§ **Problem requirements**
Transcribe nothing except the lines below that run from the one with "Letto matrimoniale antracite" to the one with "Lonestar Speedway is", ends included, and do not copy any picture.

§ **Dataset entries**

○ ○ ○ ○ ○

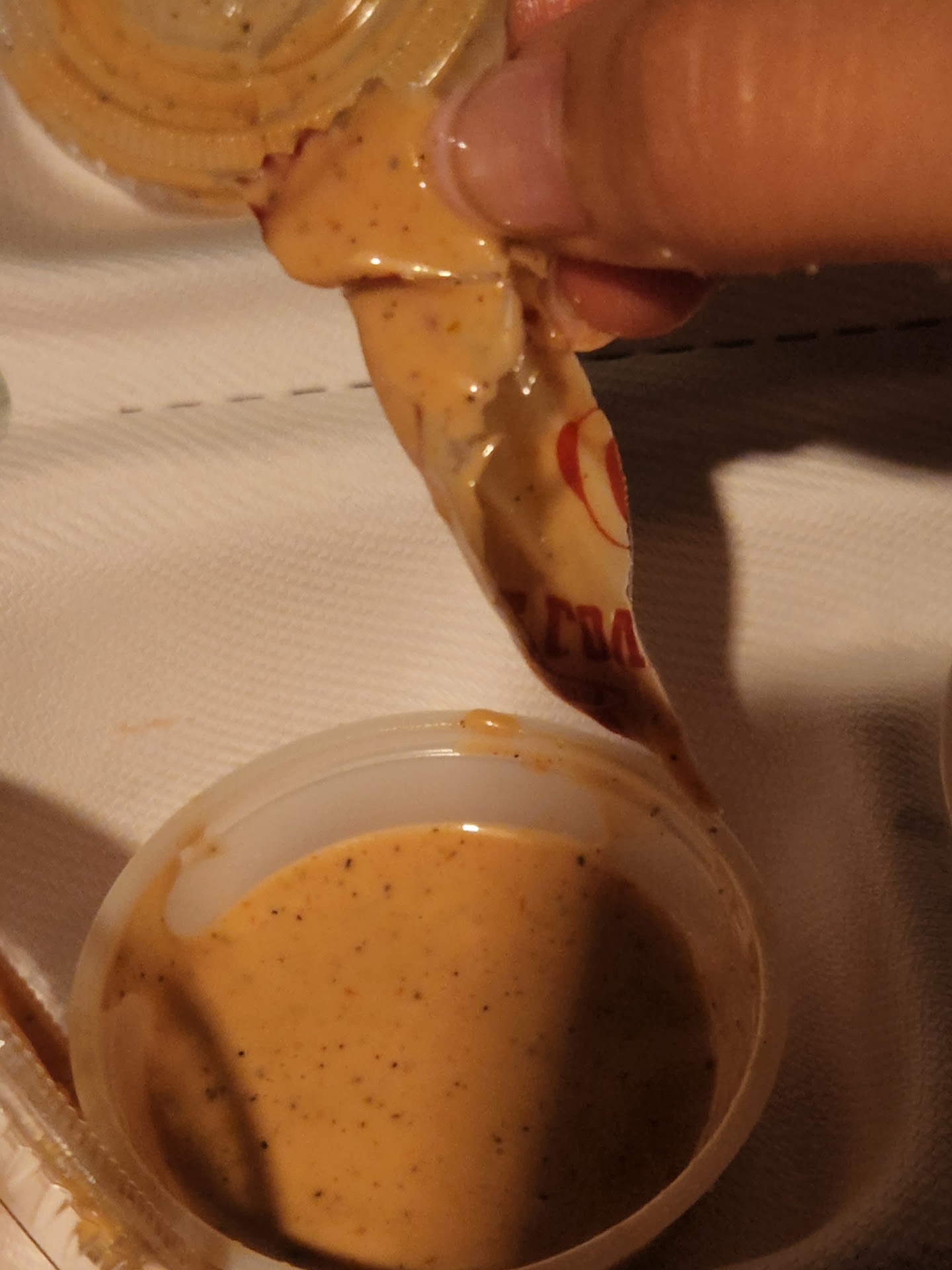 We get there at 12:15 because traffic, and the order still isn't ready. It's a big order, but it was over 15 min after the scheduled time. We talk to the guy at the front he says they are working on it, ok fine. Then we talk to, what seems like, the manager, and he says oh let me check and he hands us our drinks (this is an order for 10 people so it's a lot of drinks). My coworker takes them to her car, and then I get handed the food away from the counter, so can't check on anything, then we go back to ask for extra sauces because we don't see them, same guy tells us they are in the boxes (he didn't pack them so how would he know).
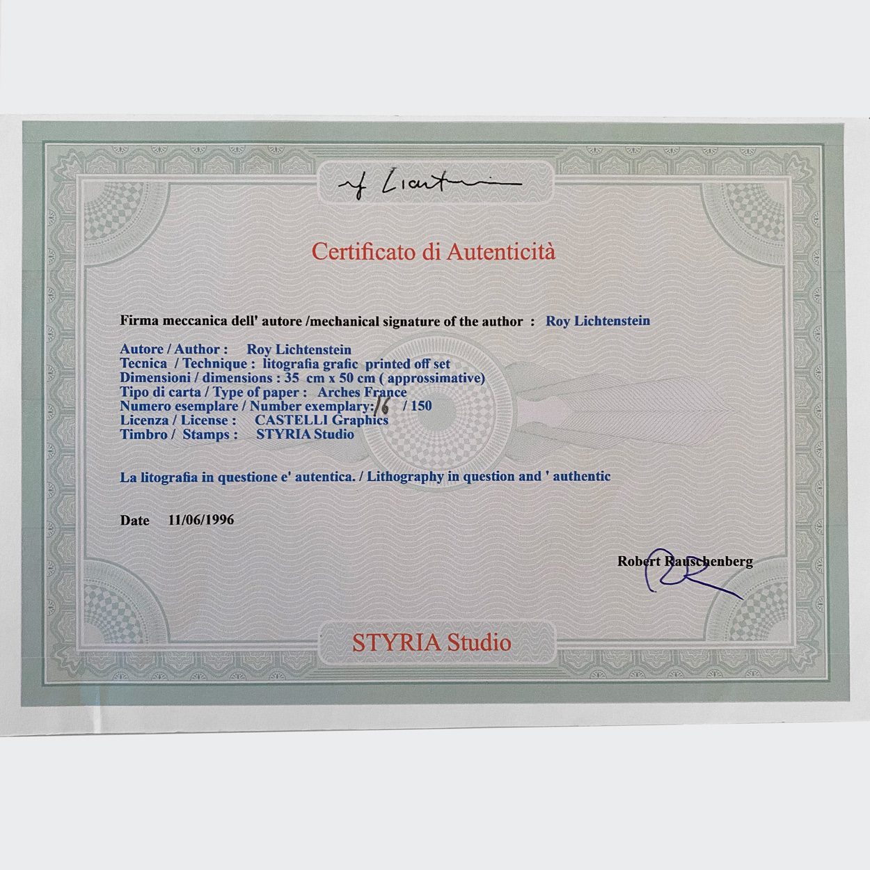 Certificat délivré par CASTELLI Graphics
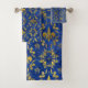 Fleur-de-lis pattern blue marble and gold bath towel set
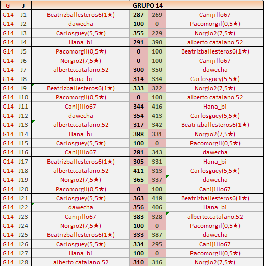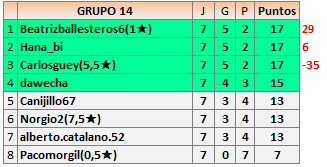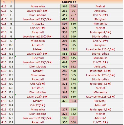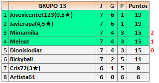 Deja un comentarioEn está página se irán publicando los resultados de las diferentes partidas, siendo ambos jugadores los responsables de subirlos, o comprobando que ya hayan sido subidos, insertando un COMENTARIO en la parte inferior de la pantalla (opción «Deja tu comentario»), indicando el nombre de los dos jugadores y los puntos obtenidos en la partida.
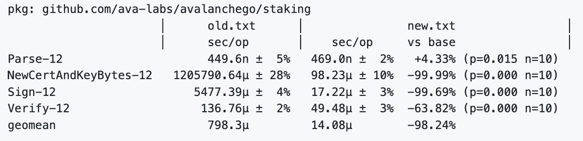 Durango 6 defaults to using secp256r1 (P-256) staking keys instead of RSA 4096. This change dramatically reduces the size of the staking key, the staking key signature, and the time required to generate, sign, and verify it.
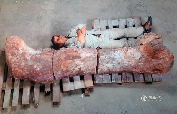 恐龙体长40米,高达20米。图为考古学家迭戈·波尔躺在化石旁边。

○ ○ ○ ○ ○

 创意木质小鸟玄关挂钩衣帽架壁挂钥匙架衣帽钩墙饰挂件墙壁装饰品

○ ○ ○ ○ ○

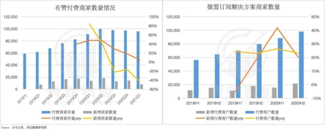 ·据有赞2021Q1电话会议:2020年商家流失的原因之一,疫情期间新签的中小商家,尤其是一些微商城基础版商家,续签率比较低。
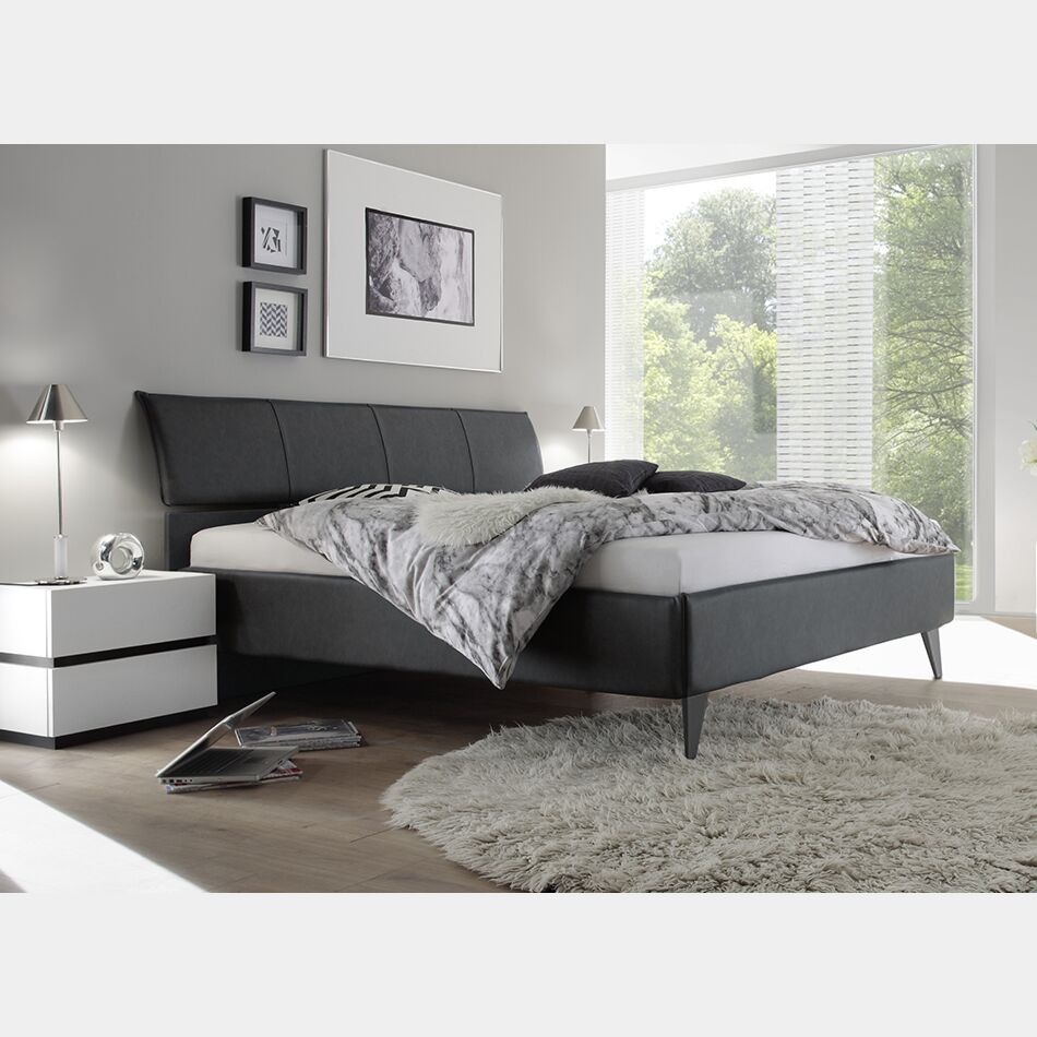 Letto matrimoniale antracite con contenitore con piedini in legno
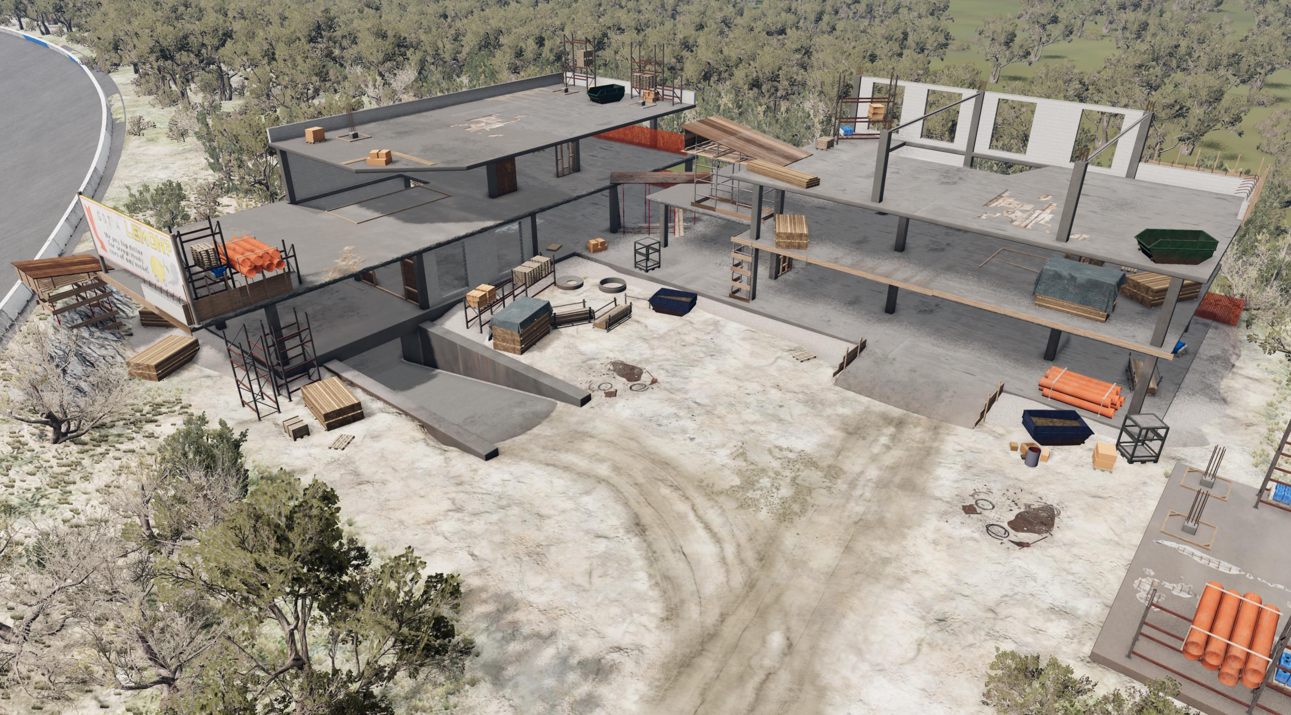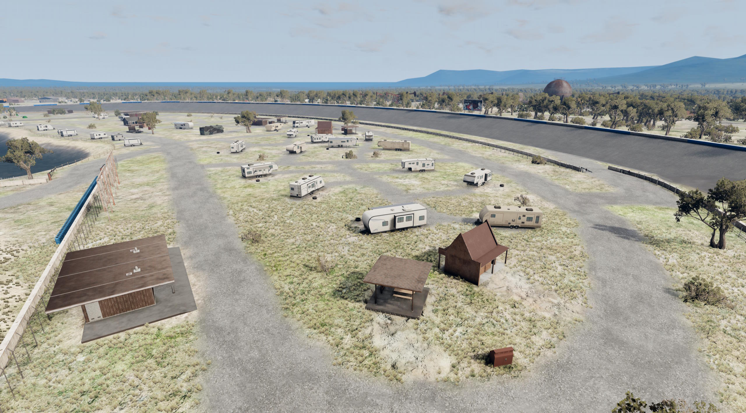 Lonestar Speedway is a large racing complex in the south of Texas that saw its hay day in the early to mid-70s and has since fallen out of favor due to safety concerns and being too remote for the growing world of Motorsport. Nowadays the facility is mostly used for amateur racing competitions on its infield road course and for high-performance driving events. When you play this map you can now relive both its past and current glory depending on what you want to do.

○ ○ ○ ○ ○

§ **Exercise result**
 Letto matrimoniale antracite con contenitore con piedini in legno
 Lonestar Speedway is a large racing complex in the south of Texas that saw its hay day in the early to mid-70s and has since fallen out of favor due to safety concerns and being too remote for the growing world of Motorsport. Nowadays the facility is mostly used for amateur racing competitions on its infield road course and for high-performance driving events. When you play this map you can now relive both its past and current glory depending on what you want to do.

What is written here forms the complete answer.